### ACTIVITY
Omit the pictures and return exactly the stretch of the material below from the line with "Ashieda's Collagen Beauty" through the line with "不正解率で分析したので、赤線".

### EXERCISE INPUTS

-- -- --

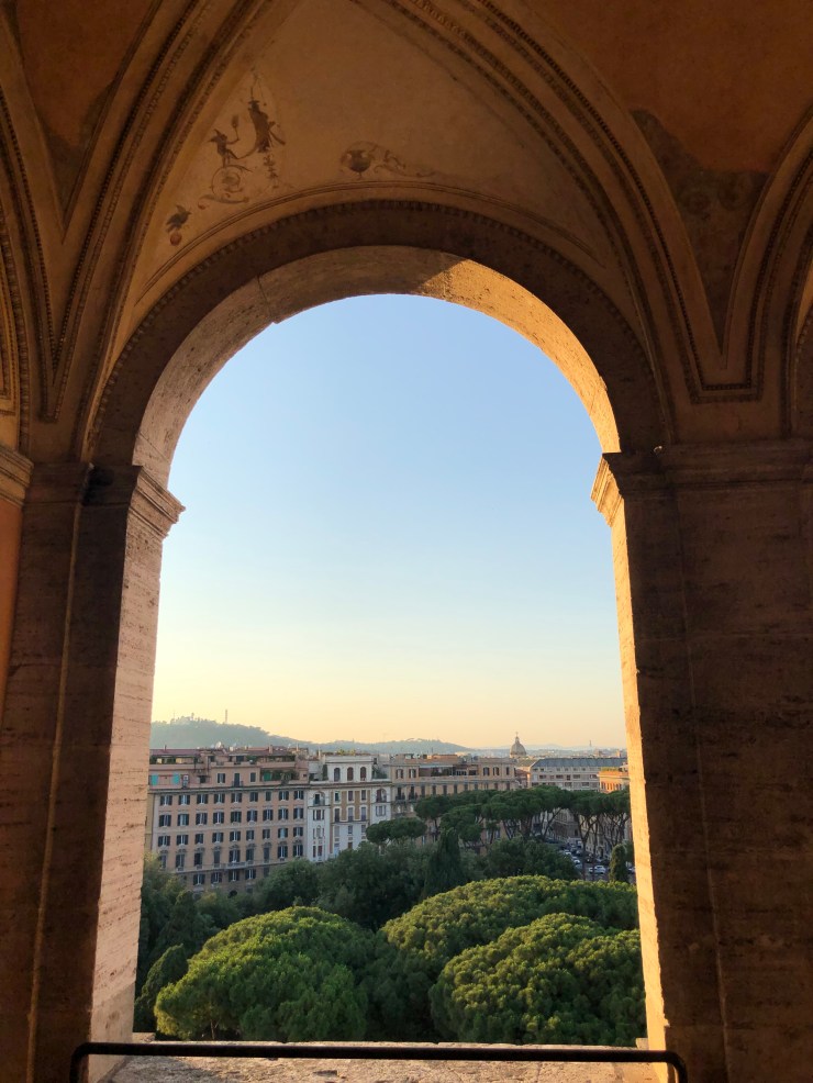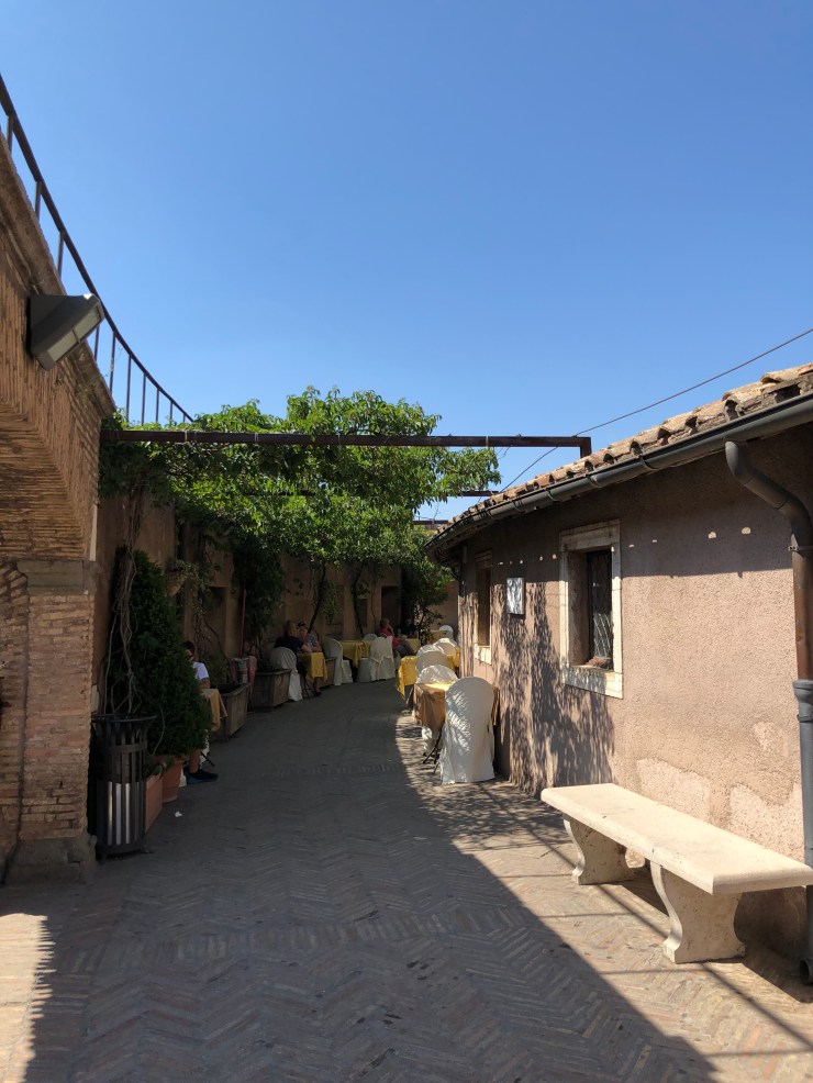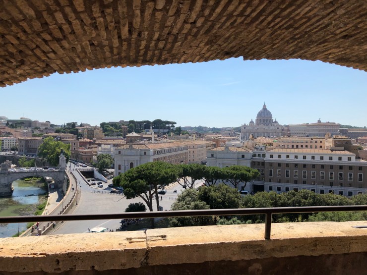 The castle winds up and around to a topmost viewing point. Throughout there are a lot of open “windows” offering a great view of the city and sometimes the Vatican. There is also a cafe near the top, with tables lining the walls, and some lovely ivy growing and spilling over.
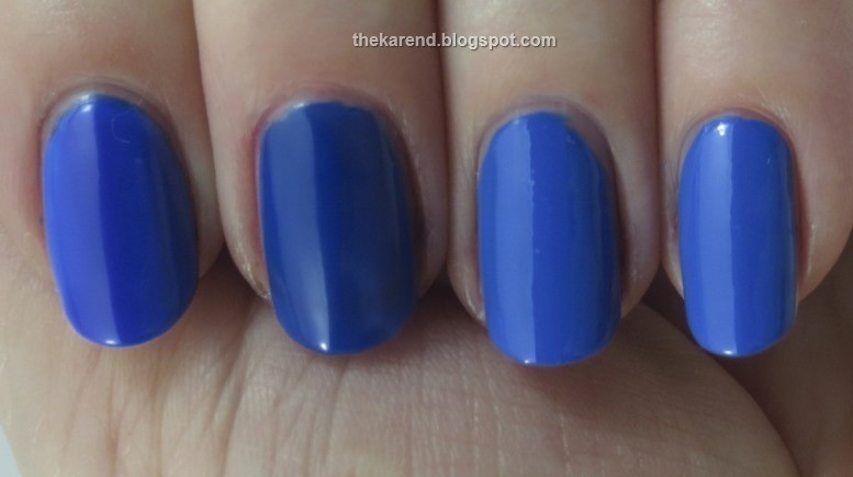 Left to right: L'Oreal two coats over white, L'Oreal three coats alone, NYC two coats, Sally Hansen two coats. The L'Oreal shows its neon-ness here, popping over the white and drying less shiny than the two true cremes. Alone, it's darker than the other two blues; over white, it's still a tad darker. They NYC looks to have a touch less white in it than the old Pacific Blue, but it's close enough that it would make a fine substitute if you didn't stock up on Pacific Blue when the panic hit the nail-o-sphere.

-- -- --

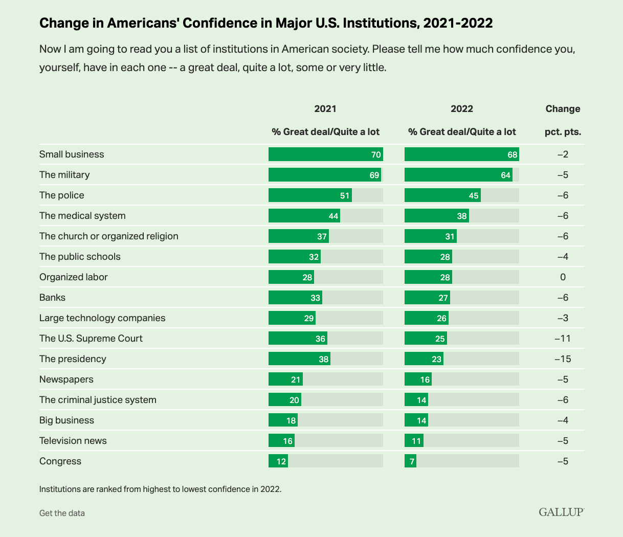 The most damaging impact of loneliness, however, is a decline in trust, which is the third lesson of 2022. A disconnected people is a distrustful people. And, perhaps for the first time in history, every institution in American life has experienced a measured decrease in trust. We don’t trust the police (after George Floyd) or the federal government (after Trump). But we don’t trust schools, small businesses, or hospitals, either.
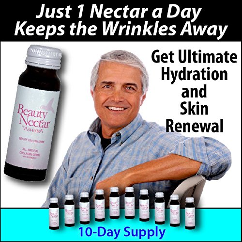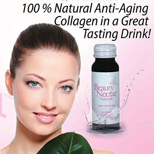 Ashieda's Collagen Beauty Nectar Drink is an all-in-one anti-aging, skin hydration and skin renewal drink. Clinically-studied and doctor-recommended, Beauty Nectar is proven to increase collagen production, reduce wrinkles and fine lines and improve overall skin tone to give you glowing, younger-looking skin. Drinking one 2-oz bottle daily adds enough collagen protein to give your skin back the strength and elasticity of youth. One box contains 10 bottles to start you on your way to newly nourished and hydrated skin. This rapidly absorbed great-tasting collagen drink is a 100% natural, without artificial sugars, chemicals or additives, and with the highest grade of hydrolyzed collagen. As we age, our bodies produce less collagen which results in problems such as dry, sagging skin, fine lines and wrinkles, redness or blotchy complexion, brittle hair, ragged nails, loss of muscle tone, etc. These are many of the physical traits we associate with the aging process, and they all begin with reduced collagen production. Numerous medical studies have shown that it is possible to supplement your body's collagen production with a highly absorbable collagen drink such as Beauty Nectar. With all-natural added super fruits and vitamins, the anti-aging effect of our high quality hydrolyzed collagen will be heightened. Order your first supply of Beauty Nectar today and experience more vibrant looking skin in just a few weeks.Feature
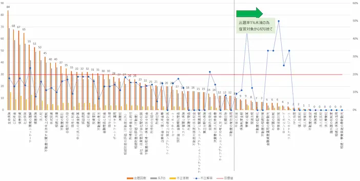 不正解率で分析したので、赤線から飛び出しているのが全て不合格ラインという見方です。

-- -- --

### ANSWER TO THE PROBLEM
 Ashieda's Collagen Beauty Nectar Drink is an all-in-one anti-aging, skin hydration and skin renewal drink. Clinically-studied and doctor-recommended, Beauty Nectar is proven to increase collagen production, reduce wrinkles and fine lines and improve overall skin tone to give you glowing, younger-looking skin. Drinking one 2-oz bottle daily adds enough collagen protein to give your skin back the strength and elasticity of youth. One box contains 10 bottles to start you on your way to newly nourished and hydrated skin. This rapidly absorbed great-tasting collagen drink is a 100% natural, without artificial sugars, chemicals or additives, and with the highest grade of hydrolyzed collagen. As we age, our bodies produce less collagen which results in problems such as dry, sagging skin, fine lines and wrinkles, redness or blotchy complexion, brittle hair, ragged nails, loss of muscle tone, etc. These are many of the physical traits we associate with the aging process, and they all begin with reduced collagen production. Numerous medical studies have shown that it is possible to supplement your body's collagen production with a highly absorbable collagen drink such as Beauty Nectar. With all-natural added super fruits and vitamins, the anti-aging effect of our high quality hydrolyzed collagen will be heightened. Order your first supply of Beauty Nectar today and experience more vibrant looking skin in just a few weeks.Feature
 不正解率で分析したので、赤線から飛び出しているのが全て不合格ラインという見方です。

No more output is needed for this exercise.